I versi, pronunciati da Lauryn Hill e Wyclef Jean, toccano lotte personali e questioni sociali. I versi di Wyclef riflettono sul suo passato, incluso un riferimento a una rapina, come metafora della lotta per sopravvivere e farcela in un mondo che spesso non perdona. Parla del desiderio di rialzarsi, di essere 'di nuovo re', nonostante gli ostacoli che ha dovuto affrontare. I versi di Lauryn Hill, d'altra parte, sono una dimostrazione di fiducia e sicurezza in se stessi. Paragona la sua abilità lirica al gioco degli scacchi e afferma il suo destino di successo. I riferimenti a icone culturali come Nina Simone e Al Capone, così come la menzione dei 'rifugiati che prendono il sopravvento', alludono al background del gruppo e alla loro lotta per il riconoscimento e il rispetto.

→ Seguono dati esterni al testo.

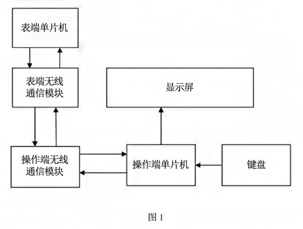 需要設置電磁流量計的表內參數時,操作人員通過鍵盤向操作端單片機輸入待設置的參數值,操作端單片機收到輸入的參數值后,依次通過操作端無線通信模塊、表端無線通信模塊將參數值發送給電磁流量計內置的表端單片機,表端單片機即根據收到的參數值修改表內相關參數,并依次通過表端無線通信模塊、操作端無線通信模塊將修改結果反饋給操作端單片機,操作端單片機將收到的反饋結果輸出至顯示屏顯示。

Il bridge e l'outro della canzone enfatizzano ulteriormente il tema dell'inevitabilità, con il testo 'Non puoi scappare da queste cicatrici che ho' e 'i rifugiati prendono il sopravvento'. I Fugees, che prendono il nome dal termine per sfollati, tracciano paralleli tra le loro esperienze personali e questioni più ampie di sfollamento e lotta. La canzone è una potente dichiarazione di presenza e perseveranza, con i Fugees che affermano che non saranno ignorati o dimenticati, sia nell'industria musicale che nella più ampia narrativa di sopravvivenza e successo.